As a UVA freshman in 2017-18, he ended up redshirting in all three sports: cross country, indoor track & field, and outdoor track & field. After arriving in Charlottesville, “I was doing really well, and my coach at the time really wanted me to hang with the top guys,” Asfaw recalled. “I wasn’t really used to the mileage at the time, and I got a stress fracture in my foot. That took me out for a few months, and I spent the rest of the year just playing catch-up with fitness.”

In 2018-19, he competed in all three seasons but didn’t distinguish himself in any event. In 2019-20, however, Asfaw took significant strides forward.

In cross country, he posted a time of 24:19.7 in the 8k, then a PR for him, at the Virginia/Panorama Farms Invitational. During indoor season, he placed fourth in the 3000 meters at the ACC championships, earning all-conference honors, and finished third in the mile (4:08.66) at the Navy Invitational.

The COVID-19 pandemic forced the cancellation of the outdoor season, but Lananna had seen enough to expect big things of Asfaw once competition resumed this fall.

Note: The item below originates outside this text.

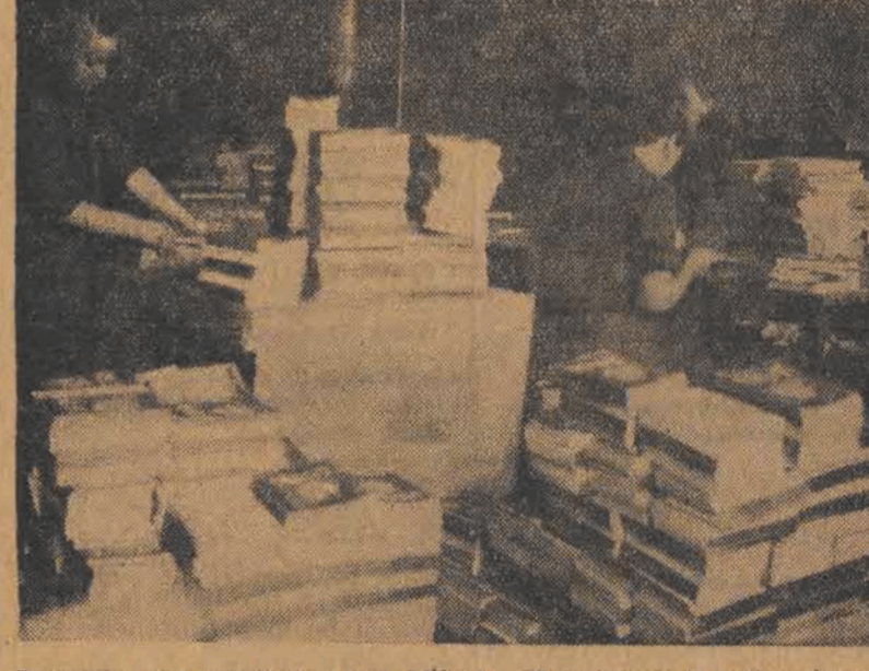
Początek roku szkolnego coraz bliższy. W instytucjach wydawniczych masowo przygotowuje się już nowe podręczniki szkolne dla uczącej się młodzieży.

“He improved a ton,” Lananna said. “I really expected his outdoor season to be really good last year. He has good natural speed. He does have the appropriate running form. He has all the mechanics that would lead one to believe that he should be an outstanding runner, and what I hoped was to work with him one-on-one, to be sure that he is being mindful of all those small things. It’s not unusual for distance runners to go out and do all the running, and do the strides, and do the workouts, but all those other things are the distinguishing factors between one being a reasonably successful runner and one being an extraordinary runner.”

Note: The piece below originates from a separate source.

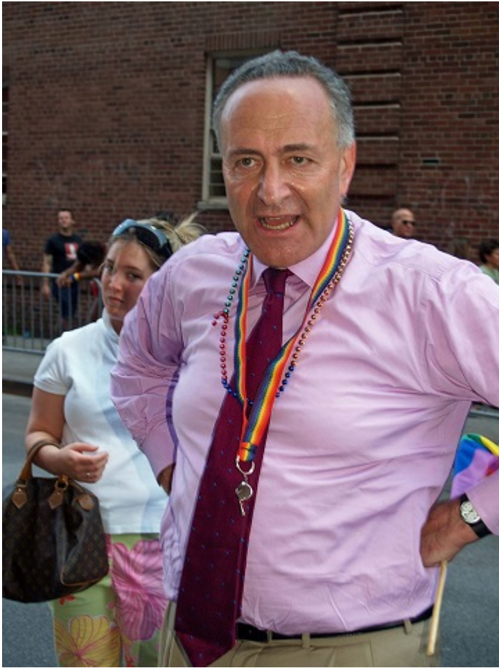
Чак Шумер на гей-прайді, Нью-Йорк.

"When you improve, you can see it. It’s the time. You just ran faster. Having such a measurable means of improvement just makes it really motivating.” -- Rohann Asfaw on what he loves about running

Lananna said he believes Asfaw’s best event “ultimately will be the 5000 outdoors, but one of my real goals for him, and I think he probably would concur, is that needs to be able to run faster at the middle distance events, because that’s going to assist him as he moves to the longer distances. He’s a good cross country runner. His middle distance running is OK, but that is something we worked on all last winter, and I thought we would see some fruits of that labor during the spring, and then [the pandemic hit].”

After UVA switched to online classes in March, Asfaw stayed in Charlottesville “and kind of did my own thing,” he said. “Took some time off and got back to it and just slowly built my mileage up to a decent amount, and I was able to come [into this school year] feeling good.”

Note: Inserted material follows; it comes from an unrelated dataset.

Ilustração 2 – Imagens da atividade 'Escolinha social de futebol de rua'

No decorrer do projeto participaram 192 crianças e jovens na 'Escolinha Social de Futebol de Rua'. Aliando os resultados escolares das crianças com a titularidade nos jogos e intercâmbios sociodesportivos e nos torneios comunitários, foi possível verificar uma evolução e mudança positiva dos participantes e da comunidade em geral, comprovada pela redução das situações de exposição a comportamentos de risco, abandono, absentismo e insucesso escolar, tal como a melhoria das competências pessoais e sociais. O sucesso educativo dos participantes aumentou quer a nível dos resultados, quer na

The Cavaliers close the regular season Friday afternoon with the Virginia/Panorama Farms Invitational in Earlysville. The ACC championships are Oct. 30 in Cary, North Carolina., and that’s race in which Asfaw has yet to have “a perfect day, I guess you could say.”

In 2017, he was redshirting and didn’t compete. In 2019, he missed the ACC meet with an injury. In 2018, he placed 52nd.

“I fell down and got hit in the head,” Asfaw said, “and I ran the rest of the race with my eyebrow bleeding everywhere, and I had to get stitches after the race.”

At this year’s ACC meet, Asfaw will be among the favorites, but he’ll approach it with the even-keeled demeanor for which he’s known. “I don’t like making super specific goals,” Asfaw said. “Really, I just like to be in the moment. We’ll focus on just doing the best I can in the moment and taking everything one step at a time.”

He’s on track to earn his bachelor’s degree in May. He’ll have eligibility remaining in all three sports, though, and hopes to continue his running career while in graduate school at UVA.

“Absolutely,” Asfaw said. “As of right now, that’s my plan.”